No one with political influence within the government or the Labour Party ever publicly denounced those vile conspiracy theories, not until yesterday at least, when PL CEO Randolph De Battista called the suggestions shocking.
And yet the Caruana Galizias fought on. They made damn sure that Malta and the world would not forget what happened and pledged not to rest until full justice was assured.
It wasn’t easy. This is what Daphne’s son had to say a few months ago, when looking back at the Archbishop’s homily at their mother’s funeral.
“In his homily, the Archbishop of Malta told journalists ‘never to grow weary in your mission to be the eyes, the ears and the mouth of the people’. He then turned to my brothers and me, and said:”
“As you know, whenever your mother was abroad, she had a habit of lighting a candle in church for each one of you: the silent prayer of a mother for her children… Your beloved mother died a cruel death by the hidden hand of someone that valued darkness over the light, for his actions are evil. See that you will always be the children of the light.”
“We lit three candles and Matthew read Ecclesiastes 3, which my mother once wrote was ‘engraved in my heart’. Wickedness in the place of justice. There is a time for everything, a season for every activity under the heavens. A time to be born and a time to die, to kill and to heal, to mourn and to dance. I don’t know when that time will come. And I don’t know that we’ll always be children of the light in what, at times, feels like complete darkness.”
The darkness is now starting to clear away.
Yorgen Fenech has been arraigned, Keith Schembri has resigned and has been implicated in the murder, Konrad Mizzi has resigned and now even Joseph Muscat, the most popular Prime Minister in Malta’s history, has had to admit that his position is no longer tenable.
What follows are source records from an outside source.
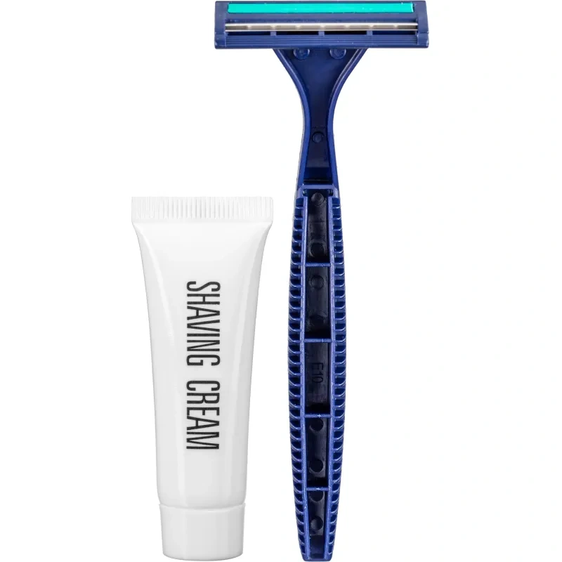 Набор бритвенный Luscan Gold Collection картон (бритва, крем для бритья, 200 штук в упаковке)Предназначен для индивидуального использования в гостиницах, отелях и во время поездок. В комплект входят одноразовая бритва с двумя лезвиями, увлажняющей полоской и съёмной защитной крышкой, а также крем для бритья в тюбике объёмом 10 мл. Крем обладает комфортной консистенцией и облегчает бритьё. Все элементы набора размещены в картонной коробке.
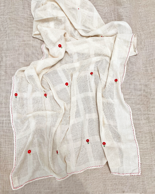 Rose Embroidered Kora Dupatta
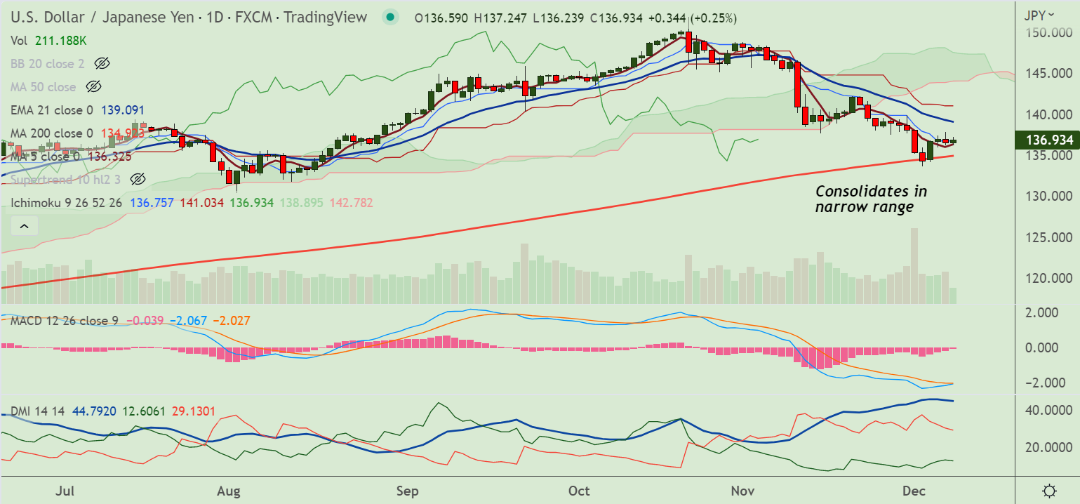 USD/JPY was trading 0.19% higher on the day at 136.84 at around 11:40 GMT. The major was extending range trade for the 3rd straight session.
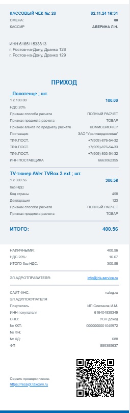 Спасибо, я таким не занимаюсь, есть специально обученные люди. По скриншоту чека резануло глаз, что для части товаров, проданных с НДС, в итогах указана сумма НДС, а для товаров, проданных без НДС, указана полная сумма без НДС. Это все равно, что смешать мягкое и теплое.Игорь Столяров писал(а): 02 Ноябрь 2024, 17:43 Поставьте современную версию драйвера АТОЛ и прошивку 5.12 и выше.
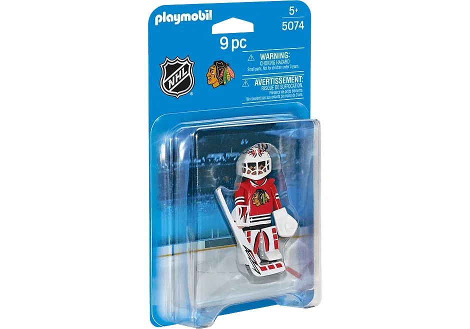 Back the net with the NHL™ Chicago Blackhawks™ Goalie. Set includes 1 Chicago goalie, 1 stick, 1 puck, helmet with visor, goalkeeper glove, and 1 arm cuff.
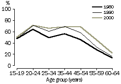 Over the period, the proportion of men who were employed was affected by the restructuring of industry and the resulting decline in permanent full-time positions. Even so, the pattern of male employment indicates that most men (62%) commence employment in full-time jobs during their early 20s and remain employed until they retire. Men's employment rates are lowest towards the beginning and end of their working lives - around the ages of 15-19 years and 60-65 years, reflecting participation in education and early retirement, respectively. Between 1980 and 2000, men's employment rates declined slightly across all ages, with the biggest fall in the 55-59 year age group where the rate declined from 81% to 70%.
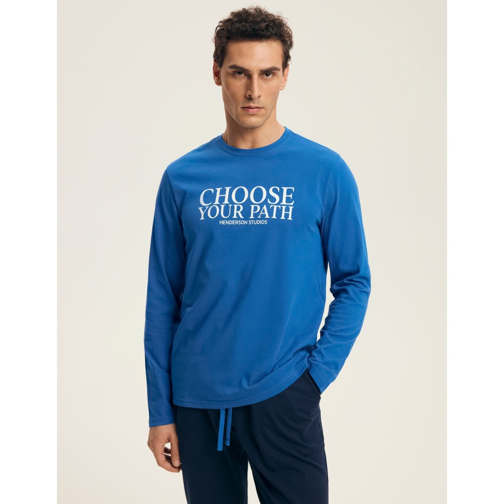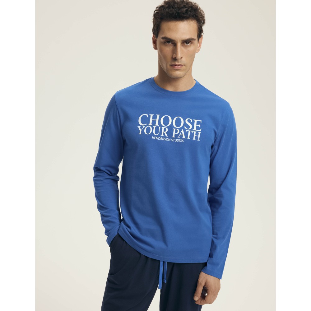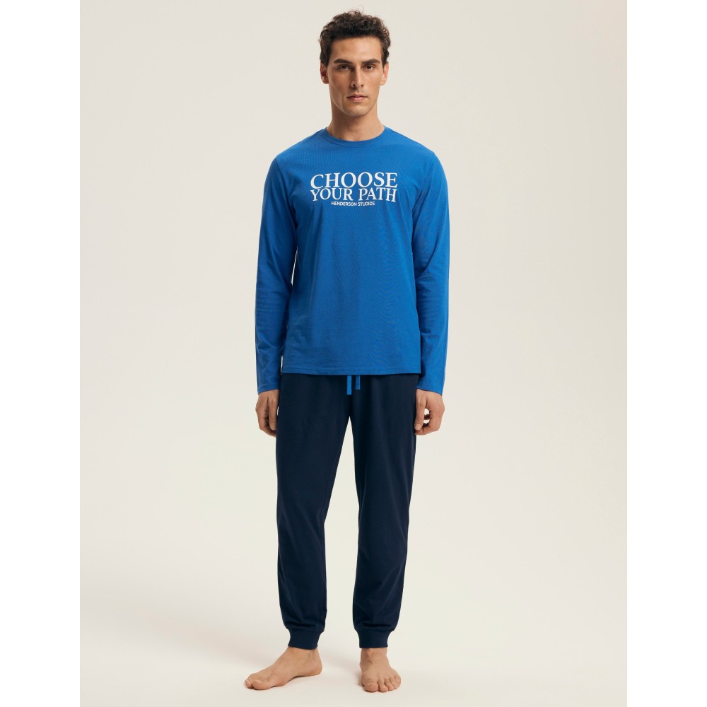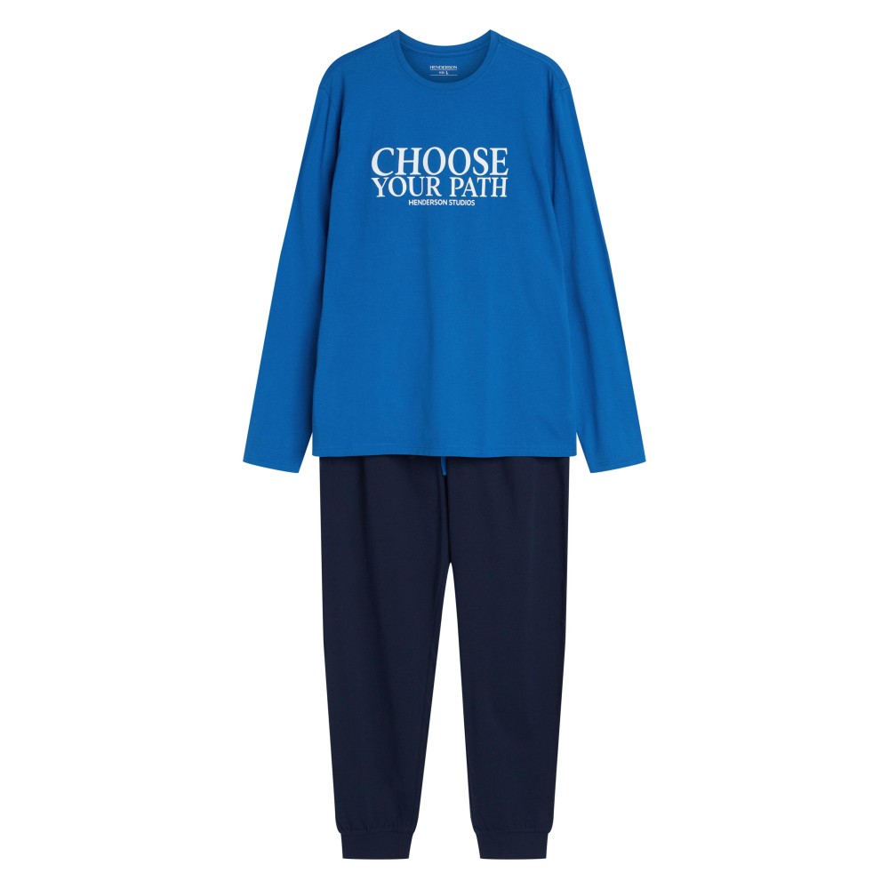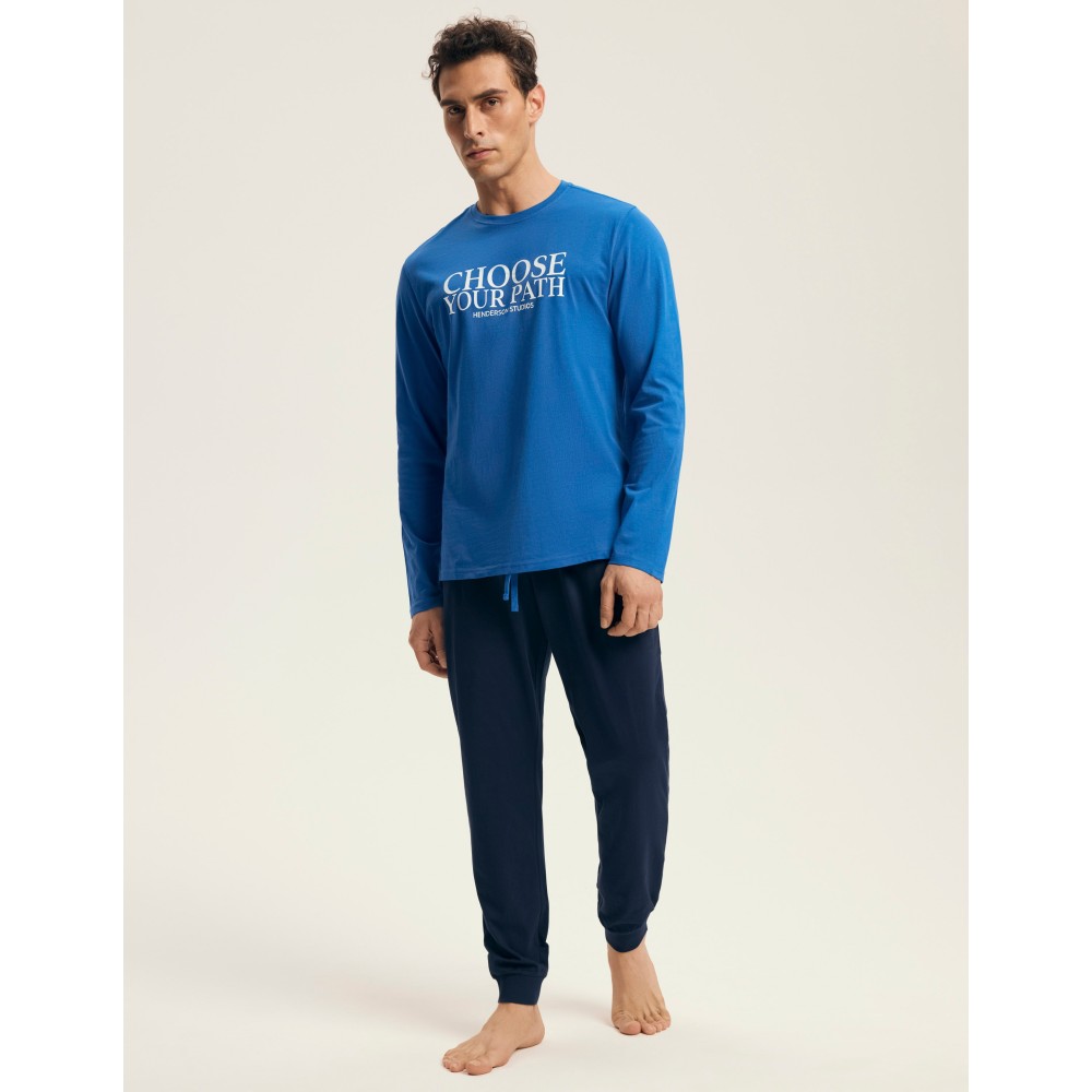 Стильная мужская пижама LOOP 43472 AW25 от Henderson – идеальное сочетание натурального хлопка, удобного кроя и мотивирующего принта. Комфортный сон и заряд хорошего настроения на новый день.

Even some of Daphne Caruana Galizia’s harshest critics are now speaking about her in positive terms.
Despite everything, despite the powers that be standing in their way, full justice is nearer at hand than it has ever been.
And that is an example of true patriotism. Patriotism isn’t about attacking the most vulnerable in society, it’s about defending your country to the hilt, even against its own government if needs be.
The Ġieħ ir-Repubblika for services to the nation is the absolute least these heroes deserve; Malta is truly in their debt.